If $A$ is an $F$-algebra and $K$ is a field extension, pick an $F$-basis $(e_i)_{i\in I}$ of $K$. Standard properties of the tensor product say that we have an isomorphism

$u_A:A\otimes_F K\simeq A^{(I)}$, sending $\displaystyle\sum_{i\in I} a_i\otimes e_i$ to $(a_i)_{i\in I}$.

Now if you have an $F$-linear map $f:A\to B$, you get a $K$-linear map $f_K:A\otimes_F K\to B\otimes_F K$ which sends $a\otimes \lambda$ to $ f(b)\otimes \lambda$. Composing by both isomorphisms, it corresponds to a map $f'_K= u_Bf_K uA^{-1}:A^{(I)}\to B^{(I)}$. Applying the definitions of the various maps shows that $f'_K$ sends $(a_i)_{i\in I}$ to $(f(a_i))_{i\in I}$.It is a map of $K$-algebras as soon as $f$ is.

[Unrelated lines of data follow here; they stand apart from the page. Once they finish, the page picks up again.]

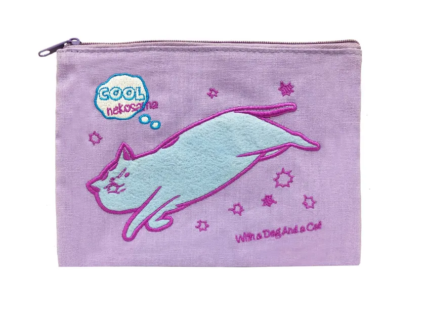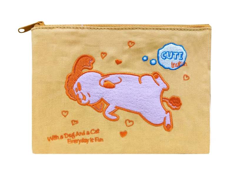 コスメや小物を入れるのに便利なフラットなポーチ。フェルトで刺繍された犬くん、猫さまがポイントです。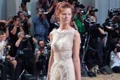 Potrivit dailymail.co.uk, actriţa în vârstă de 43 de ani a atras privirile tuturor în rochia scurtă acoperită de o trenă din dantelă creată de Maria Lucia Hohan.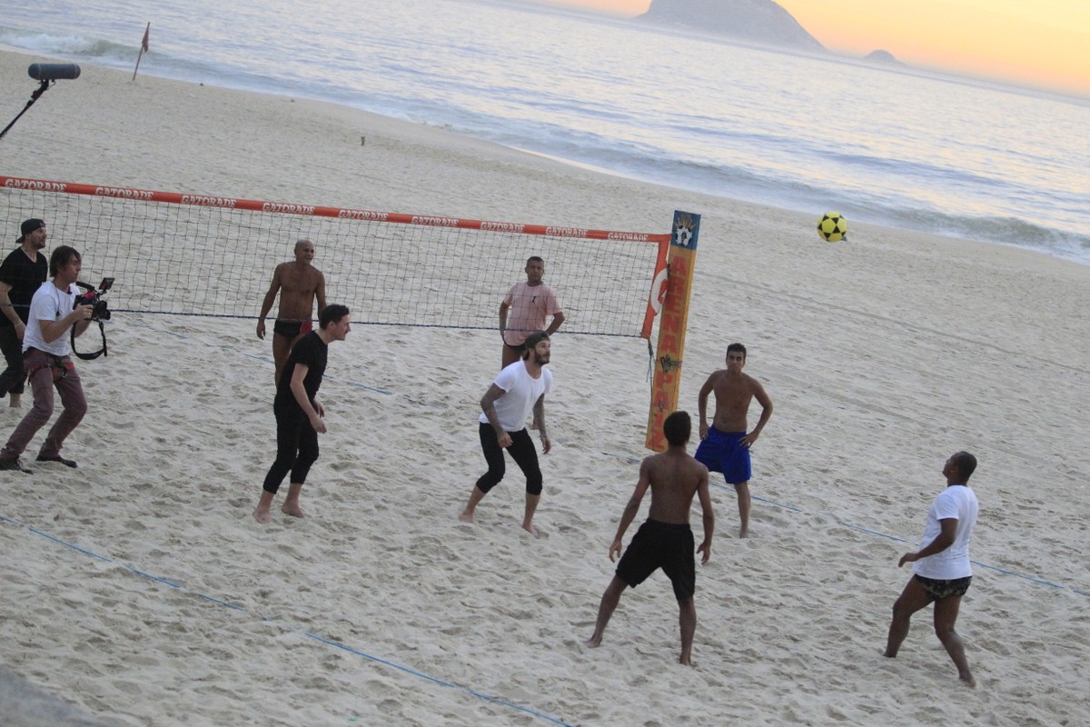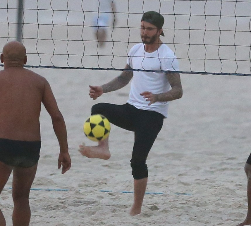 David gravou um comercial enquanto jogava futvôlei na praia com brasileiros.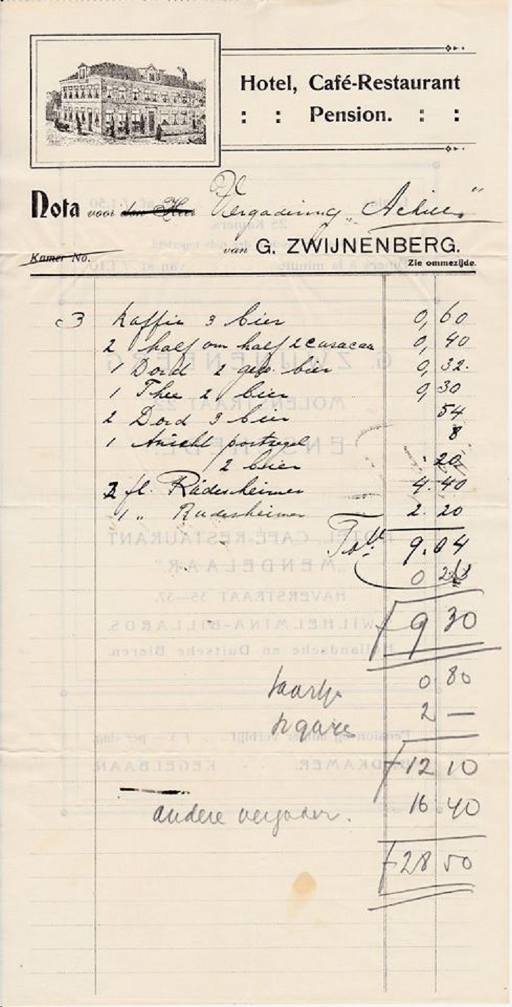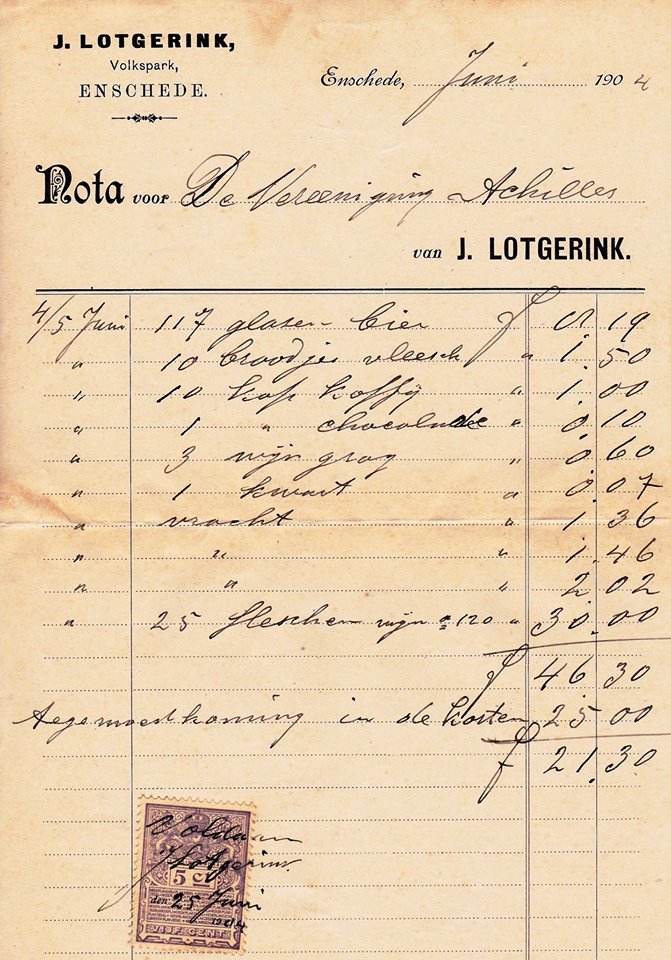 Volkspark restaurant J. Lotgerink rekening juni 1904.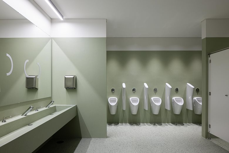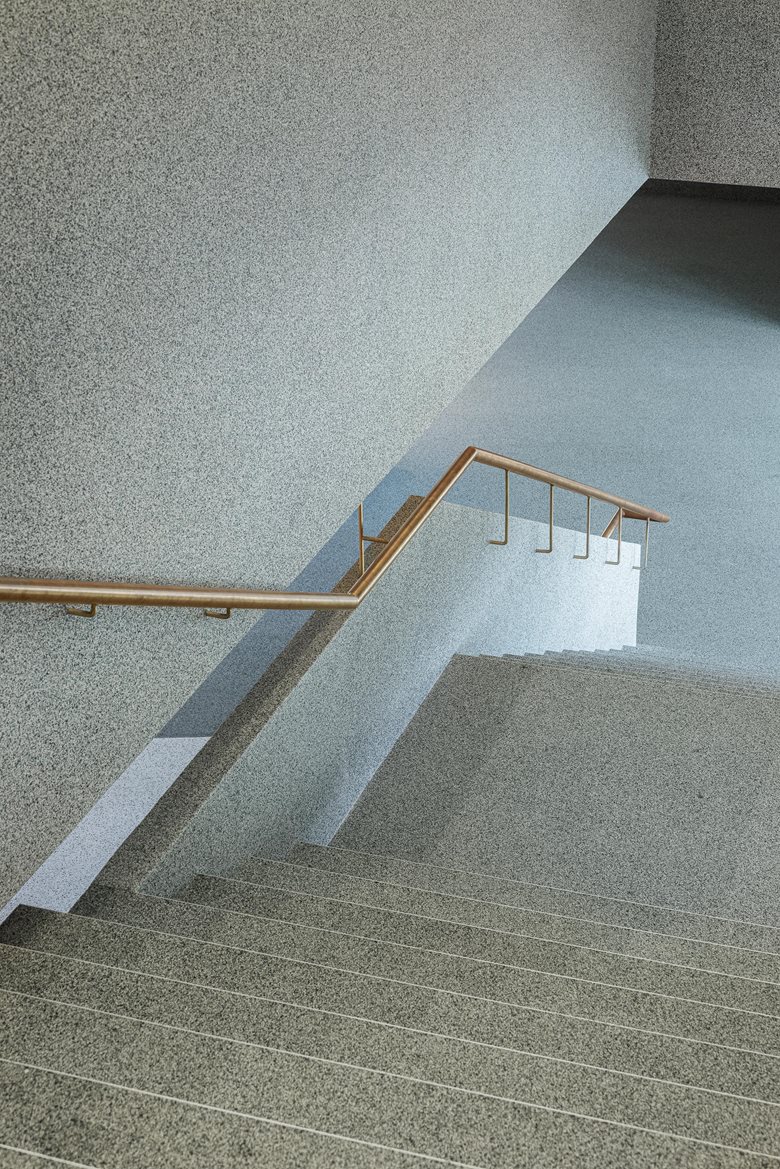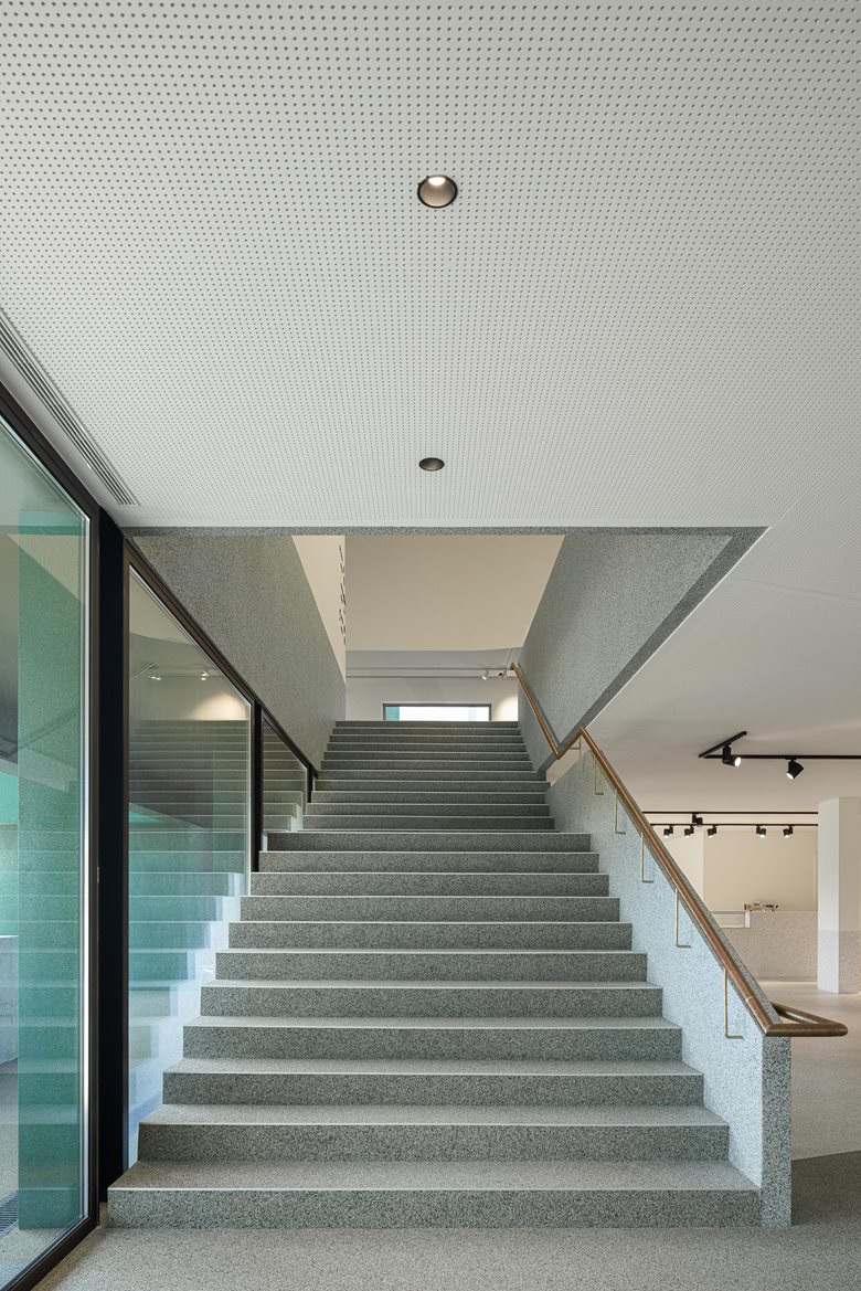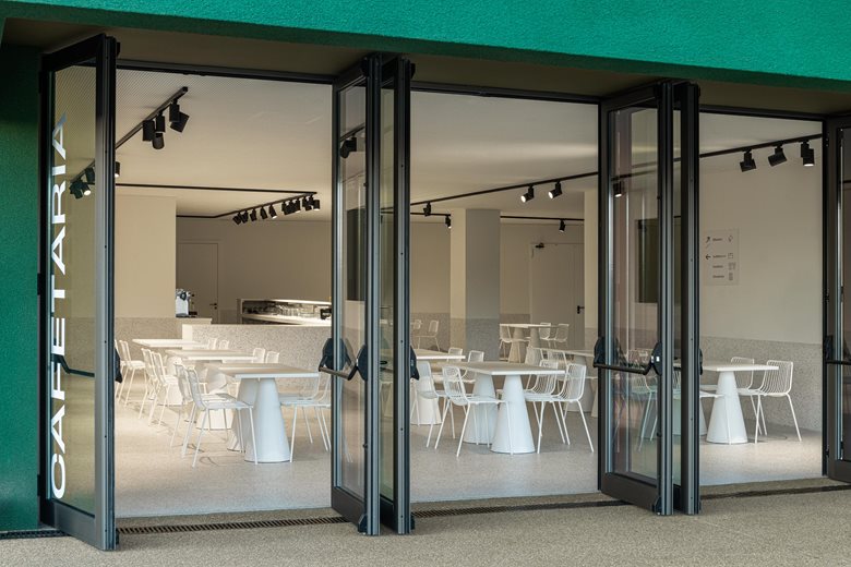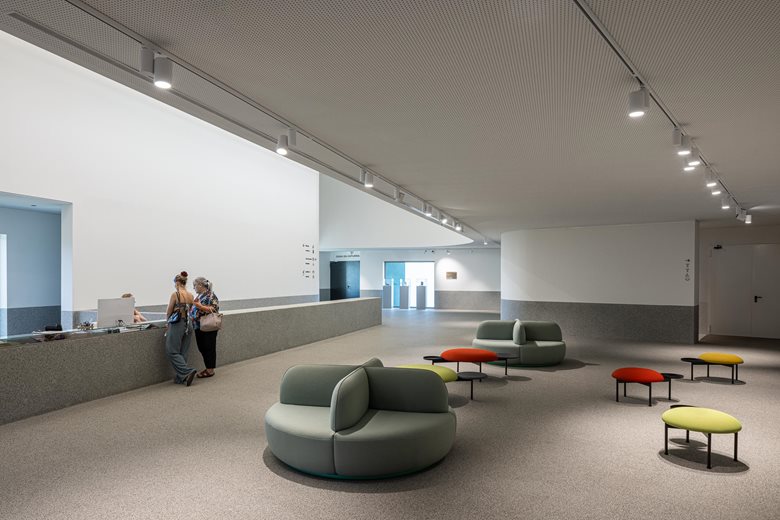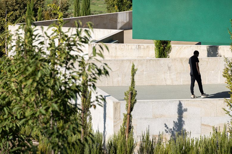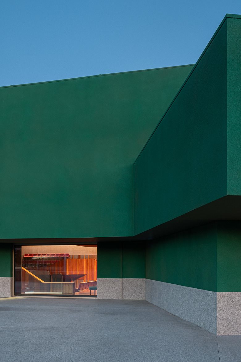 面对建筑较大的体量与场地的地形高差,设计团队采取了“主动隐匿”的智慧策略——将建筑巧妙嵌入绿植与木兰树丛之中,让人工造物与自然景观形成“你中有我”的共生关系。而贯穿建筑设计的“绿色基因”,则成为连接建筑与自然的视觉纽带:建筑外立面采用的大胆绿色调,并非突兀的装饰,而是与周边植被形成呼应的“生长色”,随着时间推移,这抹绿色将逐渐与自然融为一体,让建筑仿佛从土地中自然生长而出。软木材质的运用,为建筑注入了丰富的“视觉弹性”。这种源于自然的材质,会因观察角度的转换与光线的强弱变化,呈现出从温润哑光到细腻光泽的多元质感,使建筑外立面成为一件“可动态解读的公共艺术品”。与此同时,设计团队对原有建筑结构痕迹的保留,让新建筑承载了历史的记忆——旧结构的肌理与新材质的质感相互碰撞,既避免了对城市记忆的割裂,又赋予了建筑全新的时代气质。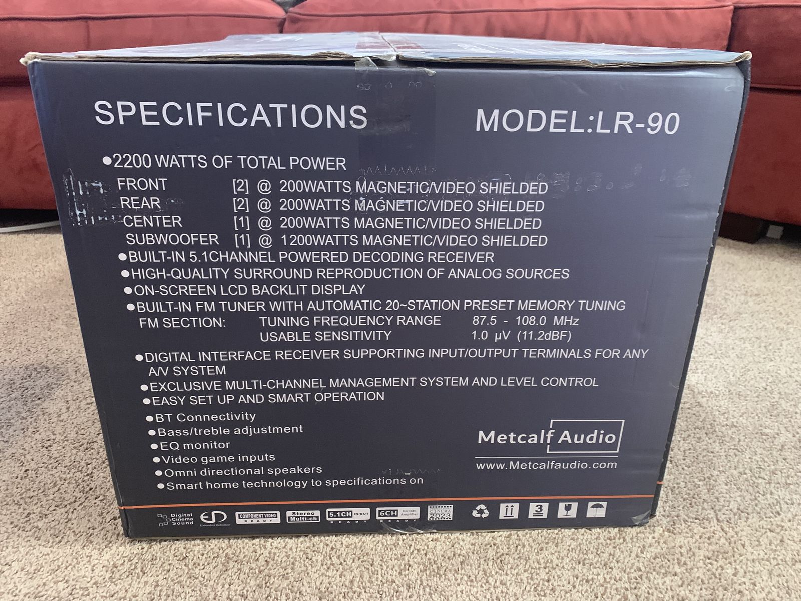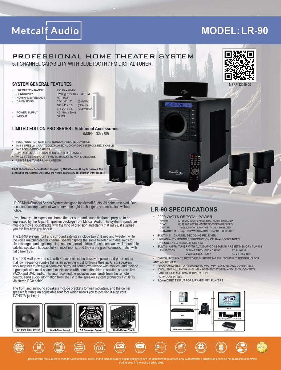 From the website: https://metcalfaudio.com/lr-90-home-theater-system/

Notice that $\ker(f'_K)=\ker(f)^{(I)}$ and $im(f'_K)=im(f)^{(I)}$ (obvious).

Now, if you have an exact sequence $A\overset{f}{\to} B\overset{g}{\to} C$, composing the extended sequences by the isomorphisms $u_A^{-1}$ and $u_B$ yields a sequence $A^{(I)}\overset{f'_K}{\to} B^{(I)}\overset{g'_K}{\to} C^{(I)}$, which happens to be exact as well, in view of the assumption and the description of the kernel and image above.

Now composing by isomorphisms preserves exacteness, so $A\otimes_F K\to B\otimes_F K\to C\otimes_F K$ is exact to.